Dergide ayrıca ilgilenebileceğiniz başka güzel yazılara da rastlayacaksınız.
Öykülerimi okumak isteyen arkadaşlar ise ana sayfada yer alan Devamlı Yazarlar bölümünden Hüseyin Pelit'i tıklayarak ulaşabilirler.

http://www.dnm-ler.com/articles.php?id=413

Haydi hep birlikte güzelim Adriyatik kıyılarını dolaşmaya başlayalım dilerseniz,
Sevgilerimle,


HEY ADRİYATİK!..
BAK YİNE BİZ GELDİK…

-Birinci Bölüm -


Yıllar önce gördüğümüz bir rüyayı yeniden görebilecek miyiz acaba?…
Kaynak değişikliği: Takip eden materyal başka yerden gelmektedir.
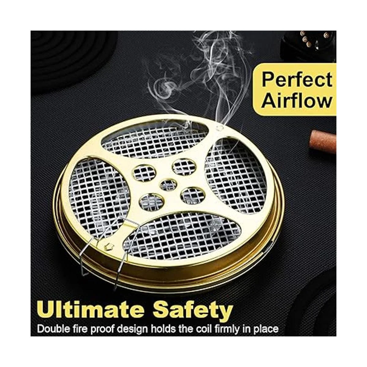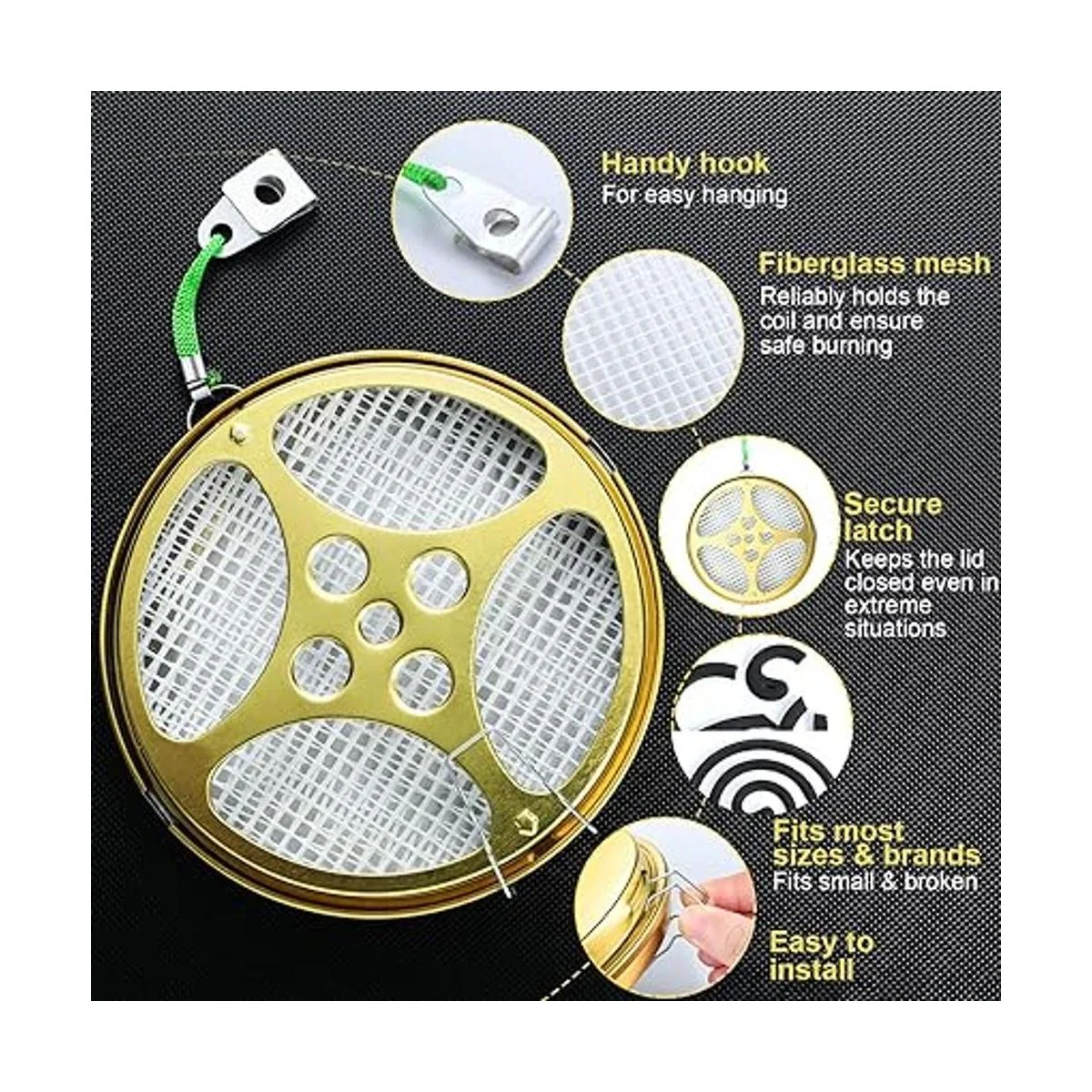 Diseño elegante: la cubierta de la placa de aguja de metal perforada puede hacer que la bobina de sándalo se queme de forma segura sin preocuparse por el contrato accidental por niños o mascotas, el hollín quemado permanece en el soporte repelente de incienso de sándalo, que es fácil de limpiar y reutilizar, cada lado de la red está diseñado con una red de fibra de vidrio ignífuga, que puede fijar la bobina en su lugar para garantizar que no se mueva cuando la lleva contigo alrededor
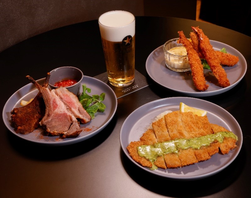 独自の世界観の中で、生のうまさとCM登場の料理をモチーフにしたおつまみが楽しめる
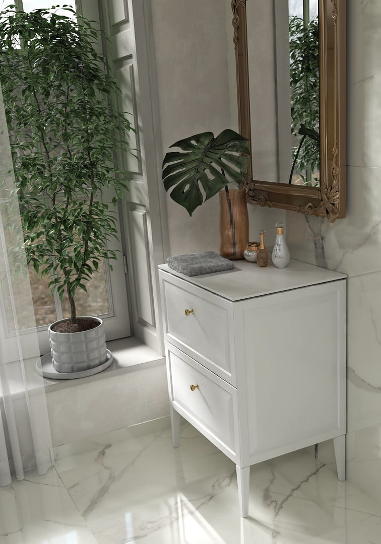 MONTEBIANCO to tradycja i estetyka w stylowej łazience. W tej kolekcji dajemy możliwość dodatkowego komponowania szafek z nóżkami, które nie tylko uzupełniają tę kolekcję stylistycznie, ale też wspierają zawieszone korpusy na ścianie. Kolekcja Montebianco doskonale sprawdzi się zarazem w niewielkich łazienkach i zaaranżowaniu dużych toalet. W skład kolekcji wchodzą: szafki podumywalkowe w wymiarach 50 cm, 60 cm, 80 cm i 120 cm, słupki o szerokości 35 i 40 cm oraz lustra w ramie 40 cm i 60 cm. Szafki występują w kolorze biały mat oraz piaskowy mat. Opcjonalnie można zmienić uchwyt na lakierowany czarny mat, złoty połysk lub błyszczący glamour z kryształem. Korpusy i frony mebli są z płyty MDF lakierowanej, wilgocioodpornej, boki szuflad są metalowe, w szufladach górnych wymiennie wkłady i elementy stałej organizacji. W słupkach jest 6 regulowanych szklanych półek.
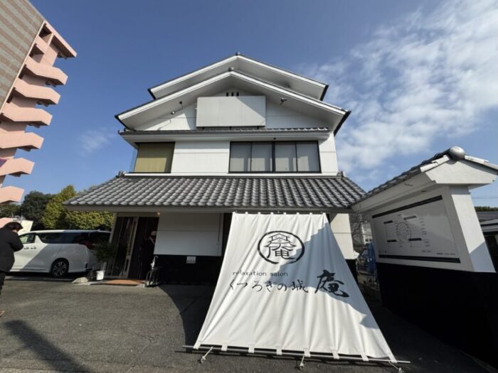 場所は熊本市中央区上京塚。「くつろぎの城 庵」は国道57号線沿いにあるので、ひょっとしたら「あ~~!!なんか見たことある」って方もおられることでしょう。
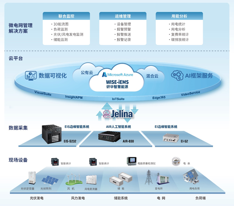 研華具備強大的軟硬整合能力,基于研華標準物聯網Jelina平臺進一步延伸定制了適用于新能源行業的能源Jelina方案,該方案能幫助客戶高效部署,實時云端管理設備狀態,涵蓋了災難恢復、遠程監控、無人值守等功能,幫助解決行業痛點,確保儲能系統長期穩定運行。此外,作為微軟合作伙伴,研華提供靈活安全的Azure云服務,幫助儲能邊緣端設備數據無縫上云,實現安全、敏捷、高可用、低時延、隱私保護的大數據和人工智能服務與應用。
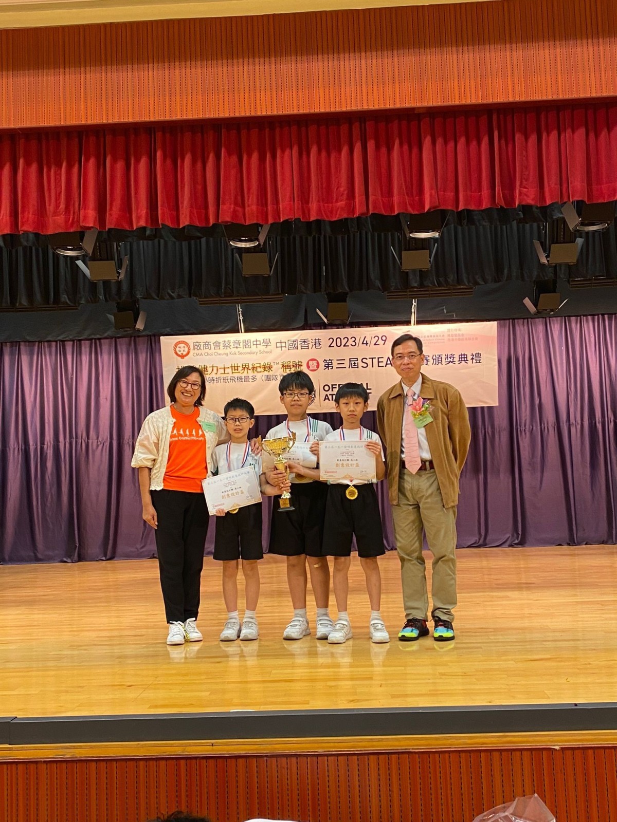 梓軒、廣堯和加晞更獲邀出席4月29日「世界紀錄大挑戰暨第三屆STEAM比賽頒獎典禮」。活動當天,他們與其他參與者一同挑戰「一小時折紙飛機最多(團隊)」的世界紀錄。最終,在一小時内合共折出21,294隻紙飛機,成功打破現時世界紀錄的12,026隻。
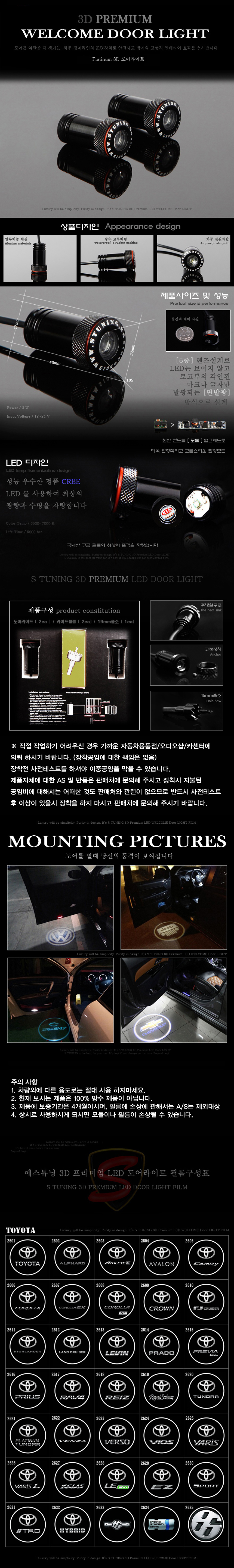 체인지업 도요타 3D LED 도어 라이트빔 등 스팟 램프
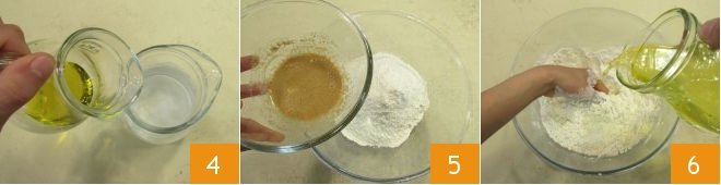 and the oil 4 and mix well. Now sift the flour into a large bowl, add the water with the yeast 5 and start kneading with your fingertips. Then, without stopping kneading, pour in the water with oil and salt 6 in a thin stream and continue working until you get a well-blended dough.
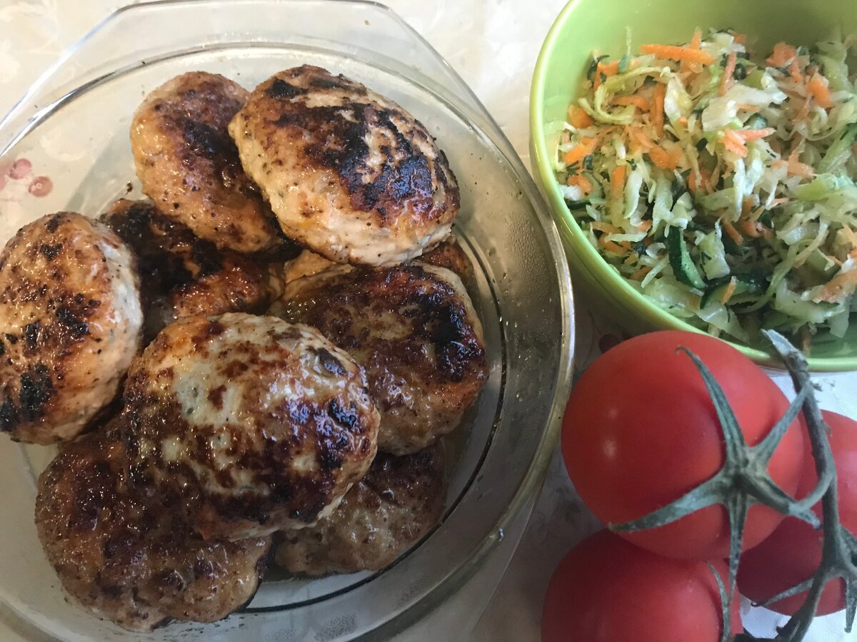 Доброго всем дня и отличного настроения, дорогие читатели!!! Давайте вместе приготовим быстрый, легкий и невероятно вкусный ужин за пол часа... Котлетки из индейки - любимое диетическое блюдо без лишней возни + какой-нибудь любимый вами овощной салат. Рекомендую обойтись на ужин без гарнира и хлеба, также можете готовить эти чудо-котлетки без жиров, например, в аэрогриле. Тогда ваш ужин будет на 100% здоровым и полезным. Готовим продукты: Поехали! Лук режем мелко, насколько возможно. Отправляем на сковороду бланшировать. Морковь натираем на крупной терке. Добавляем к луку. Пока лук и морковь обжаривается достаем фарш, яйцо, сметану, соль, перец, приправы, - все смешиваем. Сюда же добавляем готовые овощи со сковороды. Формируем из полученного хорошо отбитого фарша (фарш необходимо отбить, чтобы вышел воздух, тогда любые котлеты будут сочные и нежные) и жарим. Вот и все, готово! Таким же способом можно готовить куриные котлетки. Этот способ о

Görebilecek miyiz, Yunanistan üzerinden feribot ile Brindisi ye ve yine feribotla Dubrovnik’e geçtikten sonra Avusturya, Almanya üzerinden İtalya ve yeniden feribotla Yunanistan a dönüş rotamızda bin bir kare güzelliklerin adeta belleğimizi doldurup taşırdığı Adriyatik gezimizin altı yıl önce gördüğümüz pembe rüyasını…

Yaz aylarının o deniz kenarındaki koyu gölgeli ağaçların altındaki hamak tembelliğinden kurtulduğumuzu müjdeleyen ilk sarı yaprak kucağımıza düştüğünde haydi diyoruz “Adriyatik bizi bekliyor”…

Motokaravanımız ın triptik, gren card işlemlerini İpsala’da bir çabukta halledip azıcık duty- free geleneğini sürdürüyoruz. Birkaç viski, rakı, likör ile altyapı yatırımlarını takviye ediyoruz ama Toblerone’ ler, After Eight’ ler cıss…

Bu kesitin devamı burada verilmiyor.